(Description of the task): Begin the copy at the line containing "This is a wonderful" in the data below and end it at the line containing "- Record a Build", keeping each line exact and leaving out pictures.
(Dataset entries Opens)
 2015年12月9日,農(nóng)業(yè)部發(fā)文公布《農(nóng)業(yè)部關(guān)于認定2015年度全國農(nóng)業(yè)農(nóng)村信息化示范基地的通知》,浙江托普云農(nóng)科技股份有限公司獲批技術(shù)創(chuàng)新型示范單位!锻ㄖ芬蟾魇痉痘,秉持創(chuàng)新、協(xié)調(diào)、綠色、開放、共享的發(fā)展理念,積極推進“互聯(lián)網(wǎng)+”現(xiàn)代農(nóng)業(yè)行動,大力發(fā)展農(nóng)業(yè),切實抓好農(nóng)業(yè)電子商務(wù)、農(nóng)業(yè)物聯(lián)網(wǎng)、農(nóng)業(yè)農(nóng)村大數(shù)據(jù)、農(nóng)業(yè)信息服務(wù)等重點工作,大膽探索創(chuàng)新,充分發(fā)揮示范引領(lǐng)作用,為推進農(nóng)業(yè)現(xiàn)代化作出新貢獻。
(Dataset entries Closes)
(Dataset entries Opens)
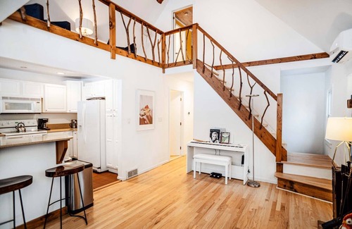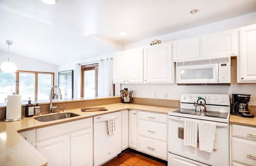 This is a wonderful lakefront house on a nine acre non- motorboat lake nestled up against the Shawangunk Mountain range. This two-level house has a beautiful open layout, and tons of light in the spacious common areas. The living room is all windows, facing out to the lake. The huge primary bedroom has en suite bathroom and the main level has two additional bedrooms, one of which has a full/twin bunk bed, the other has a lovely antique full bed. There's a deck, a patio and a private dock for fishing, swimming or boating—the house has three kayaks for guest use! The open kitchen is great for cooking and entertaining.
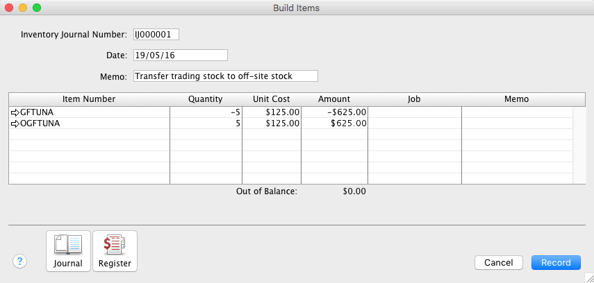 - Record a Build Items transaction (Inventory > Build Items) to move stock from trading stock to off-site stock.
(Dataset entries Closes)
(Dataset entries Opens)
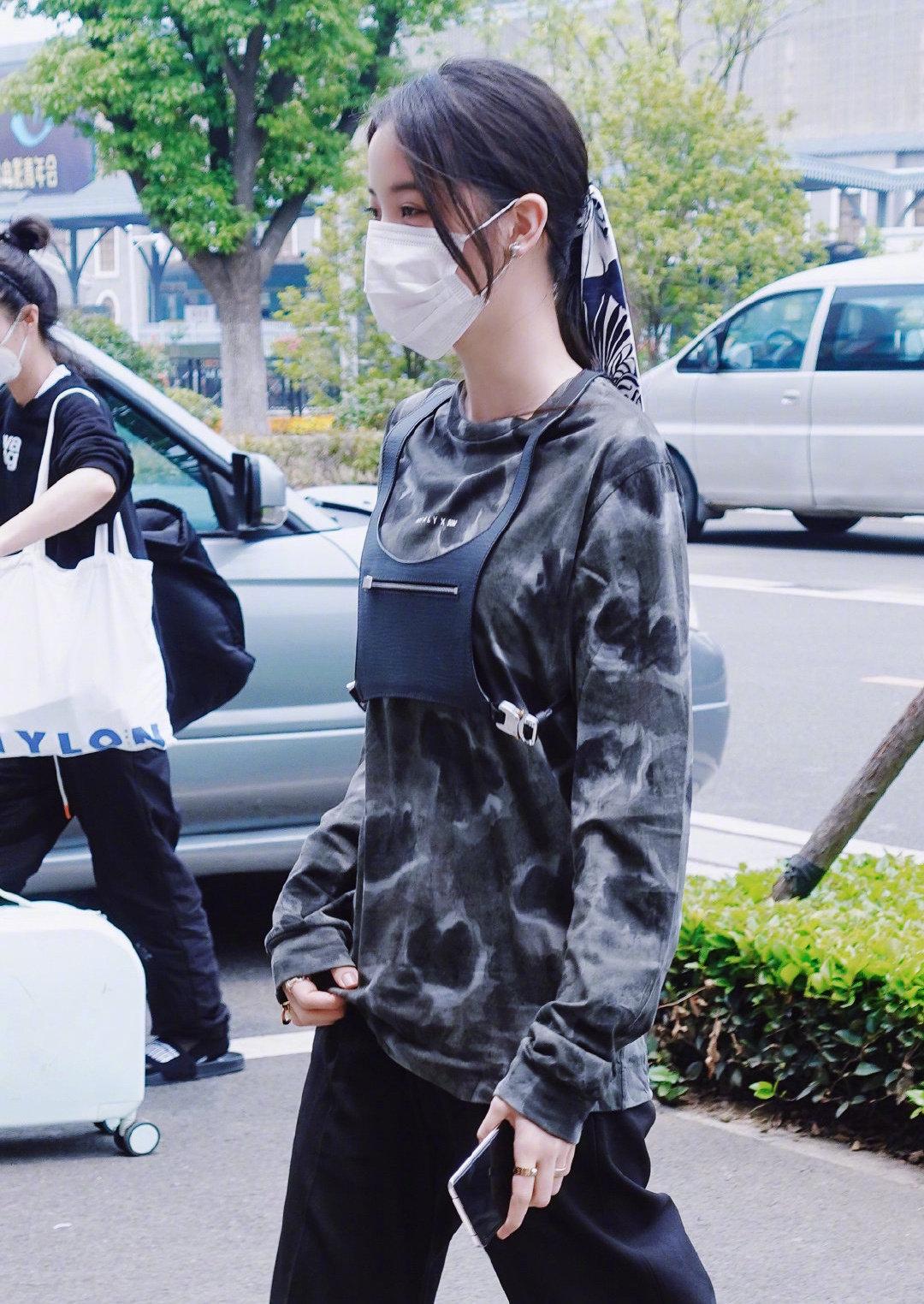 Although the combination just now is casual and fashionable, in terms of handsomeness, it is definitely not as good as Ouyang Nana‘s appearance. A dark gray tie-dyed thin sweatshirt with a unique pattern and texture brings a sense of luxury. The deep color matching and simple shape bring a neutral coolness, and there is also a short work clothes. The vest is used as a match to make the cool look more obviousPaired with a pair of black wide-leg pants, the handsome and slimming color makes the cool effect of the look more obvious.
(Dataset entries Closes)
(Exercise result):
 This is a wonderful lakefront house on a nine acre non- motorboat lake nestled up against the Shawangunk Mountain range. This two-level house has a beautiful open layout, and tons of light in the spacious common areas. The living room is all windows, facing out to the lake. The huge primary bedroom has en suite bathroom and the main level has two additional bedrooms, one of which has a full/twin bunk bed, the other has a lovely antique full bed. There's a deck, a patio and a private dock for fishing, swimming or boating—the house has three kayaks for guest use! The open kitchen is great for cooking and entertaining.
 - Record a Build Items transaction (Inventory > Build Items) to move stock from trading stock to off-site stock.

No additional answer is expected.